The transformation of the Long-Belasco play took four years, and is not a simple matter. I do not propose to try to disentangle the contributions of Puccini, his two librettists Giacosa and Illica, or the different stages of revision. I must treat the opera as a single, finished thing, and pay attention to the transformation of the voice of Butterfly from Long's heroine to Puccini's.

First, in the opera Butterfly loses the linguistic disadvantage that made her sometimes ridiculous in the story and the play. She is as fluent as Pinkerton and the others in the language of the opera, Italian. Difference of idiom is a device more suited to the more realistic forms. Puccini does give his Butterfly elements of native Japanese and pseudo-Japanese music,9 but it would be difficult for the singing voice to suggest a Japanese imperfectly imitating an American idiom: besides, these language nuances probably were of no interest to the Italians who worked on the opera (and they certainly would not have been noticeable to Puccini when he saw the play). Gone is any sense that as a foreigner Butterfly is linguistically inferior: that sense perhaps depended on an experience of empire, or of immigration. The result of the equalising (so to speak) of Butterfly's language is that she is now no longer at all comic. The comedy, such as it is, recedes into the background to be distributed among the locally-colourful relatives who attend her wedding; the heroine herself is perhaps even more picturesque and exotic than she was in the original version but her Japaneseness is attractive and charming and not laughable. Unlike her prototype, Puccini's Cio-Cio-San is neither vulgar nor silly. Her powerlessness in relation to Pinkerton is registered not in an inadequate command of his language, but in the much greater emphasis the opera gives to her youth (she is fifteen when she meets Pinkerton).

The major structural difference between the opera and the play is the introduction of a long first act centred on the wedding, or ‘wedding’, of Pinkerton and Cio-Cio-San. The erotic climaxing of this first act in the union of Pinkerton and Butterfly will be followed, and parodied, at the end of Act 1 of M. Butterfly. In an obvious sense, the act is a necessary prelude to the obligatory and dazzling love duet, but it serves other purposes too, purposes that open up differences from the original play. Butterfly's bridal happiness supplies what the play had lacked, a sense of the high point from which the heroine's fortunes decline, an arc of tragedy. It also lends a certain credibility to her devotion to Pinkerton—he is after all a Puccini tenor, which is something, and an improvement on the timid and brutal oaf of the play. The opera brings a very much stronger light to bear on the erotic. And yet that rhapsodic duet under starlight on the wedding-night is already ironic, pathetic. Earlier in the act and before Butterfly's first entrance, Pinkerton has given notice, in the aria ‘Dovunque al mondo’, that he intends to take pleasure and profit wherever he can find them, and that he is taking his wife on just the same contractual terms as he took the house—999 years, with the option to quit at any time he likes. So the unbridled lyricism of the wedding-night duet has some emotional subtlety, deriving from Butterfly's unawareness of what is being done to her. Her bliss is dependent upon her ignorance that for Pinkerton she is another score added to his total, another wife in another port for the ‘Yankee vagabondo’. She is not to know that, immediately before her arrival, the groom was drinking a toast to the day he would marry ‘con vere nozze / a una vera sposa americana’—a real marriage, to a real American bride.

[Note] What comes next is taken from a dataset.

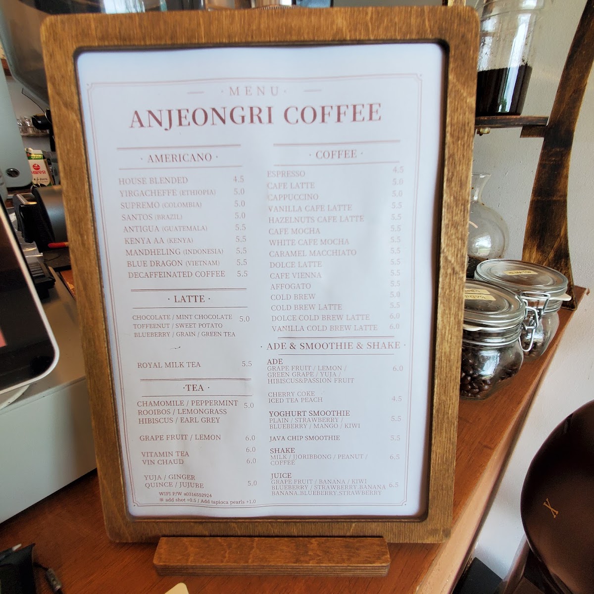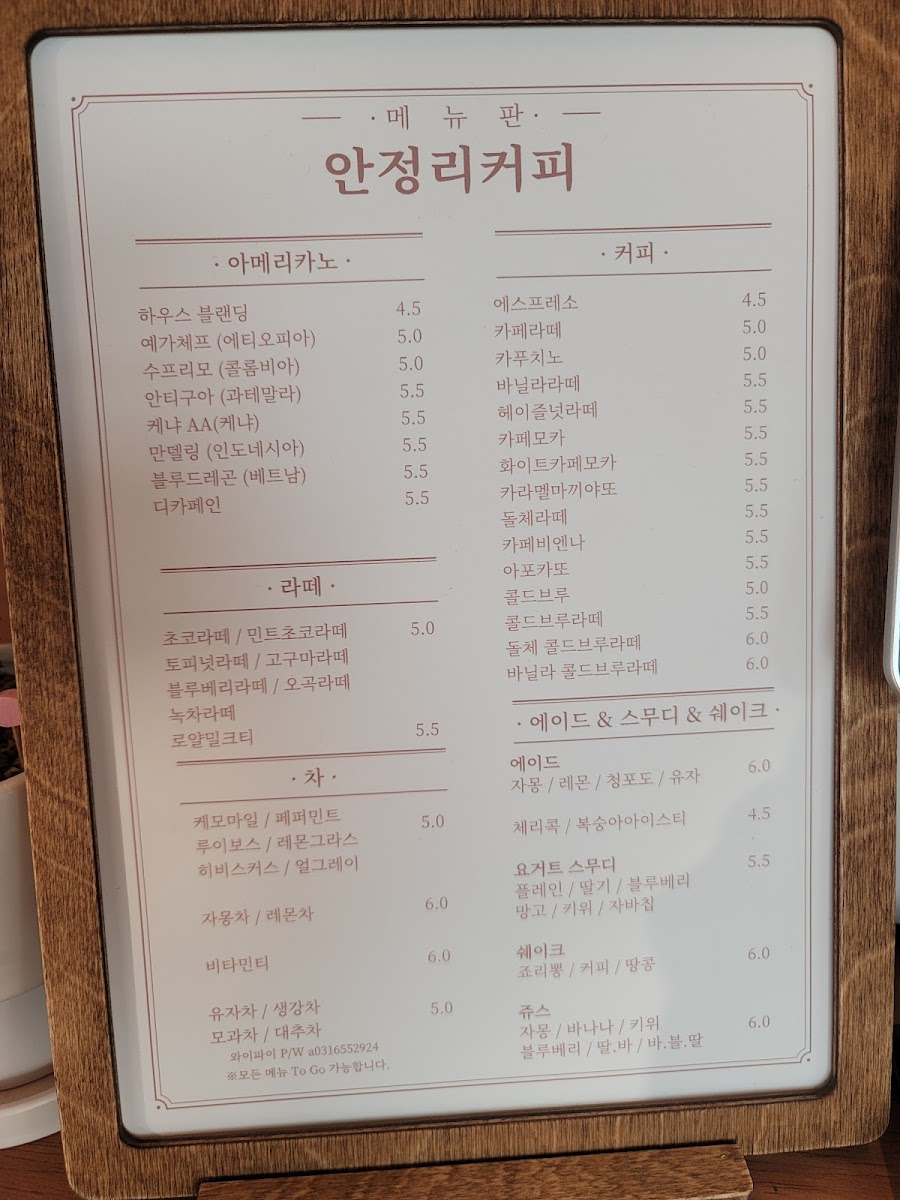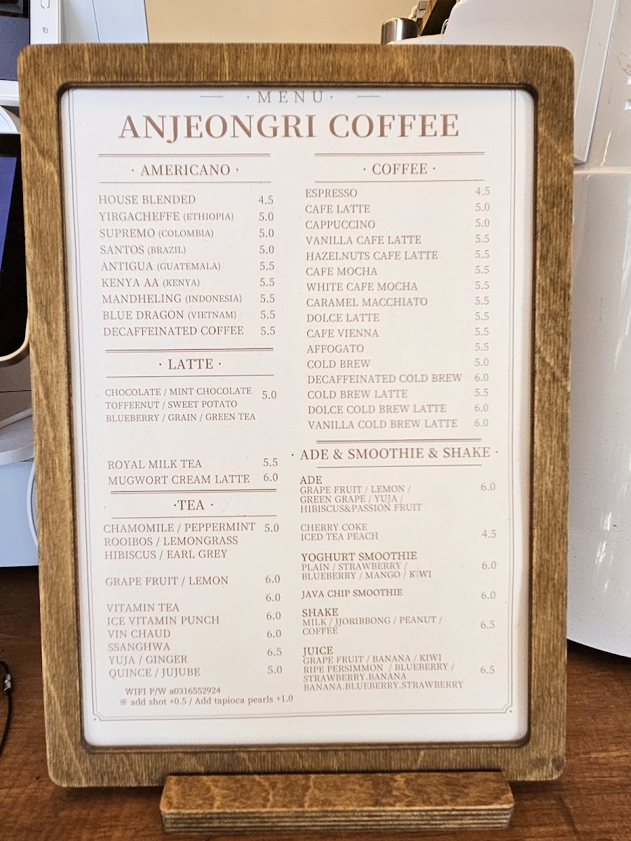 Anjeongri Cafe Menu

The pathos of women was Puccini's speciality. He liked to speak of his heroines as his ‘little women’; and indeed the littleness of Butterfly is inscribed all over the opera. Pinkerton bombards her with diminutives. She is his ‘piccina mogliettina’, his tiny little wife. In one passage of the love duet he addresses her as his squirrel, his little toy, his child (a witch-like child, rather like the subject peoples of the Kipling poem, the ‘fluttered folk’ who are ‘half demon and half child’.10) She concurs, replying in kind: ‘Somiglio la Dea della luna, / la piccola Dea della luna’—she is the little goddess of the moon. She is even, as it were, racially miniature. ‘Noi siamo gente avvezza / alle piccole cose, / umili e silenziose’, she comes from a people accustomed to small things, modest and quiet (a line quoted but interestingly misunderstood in M. Butterfly). Long before the transistor and the microchip, Japan was associated with miniature artefacts. Here the diminution of Butterfly speaks to a recurrent western imagination of the Orient as delicate, beautiful and fragile.11 Linked to the libretto's insistence on the girl's extreme youth—and this is in turn related to a paternalistic tendency of the discourse of orientalism—and its characterisation of her as a grave child, courageous but out of her depth, these features add up to what was clearly for Puccini the truth of Butterfly's story, its overwhelming pathos. At one point in Act 2 Yamadori, the consul and the marriage-broker discuss her ‘blindness’ while she is in the room; people plot around her, she is the last to know. She is small, virtually alone, innocent and helpless, she has no power and no knowledge, nothing but dignity. Nothing, that is, except her voice. Whereas John Luther Long gave Butterfly a voice that made it impossible to take her seriously, Puccini's Butterfly has a voice of power, and she has all the best tunes. She does not resist her sufferings, but she sings. Her pathos is the opera.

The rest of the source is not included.